= Paul Richardson (organist) =

American musician (1932–2006)

Paul Richardson (1932 - October 2, 2006) was the home field organist for the Philadelphia Phillies from 1970 to 2005.

In 1980 when the Phillies won the World Series, Richardson was awarded a World Series ring alongside the players.

Richardson also played organ for the New York Yankees (owned by his friend George Steinbrenner) from 1978 to 1983 when the Phillies were on the road.

He is credited with popularizing the use of the "Charge!" fanfare in sports games, and with being the first to play a theme song for each player as they stepped up to the plate.

Once a staple of Phillies games, Richardson's organ music was heard much less frequently from the mid-1990s on, as pre-recorded ("canned") music became more prevalent. When the team moved into Citizens Bank Park in 2004, Richardson was not given a booth, and was seen only before games on the Ashburn Alley outfield concourse.
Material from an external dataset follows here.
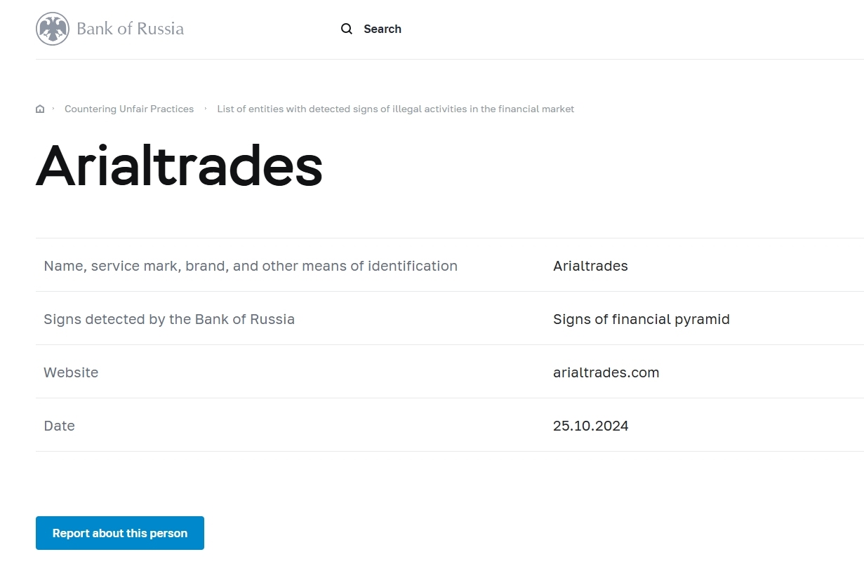 nama, merek layanan, merek, dan sarana identifikasi lainnya Arialtrades tanda-tanda terdeteksi oleh bank rusia tanda-tanda piramida keuangan situs web Arialtrades .com tanggal 25.10.2024

A recording of his version of Take Me Out to the Ballgame was used for the seventh-inning stretch. This diminished role combined with health problems and no longer having a place where he could see the game were factors in Richardson announcing his retirement prior to the 2006 season.

On October 2, 2006, Richardson died after a long battle with prostate cancer . The Phillies paid tribute to him prior to their 2007 home opener and also during the seventh-inning stretch of that game.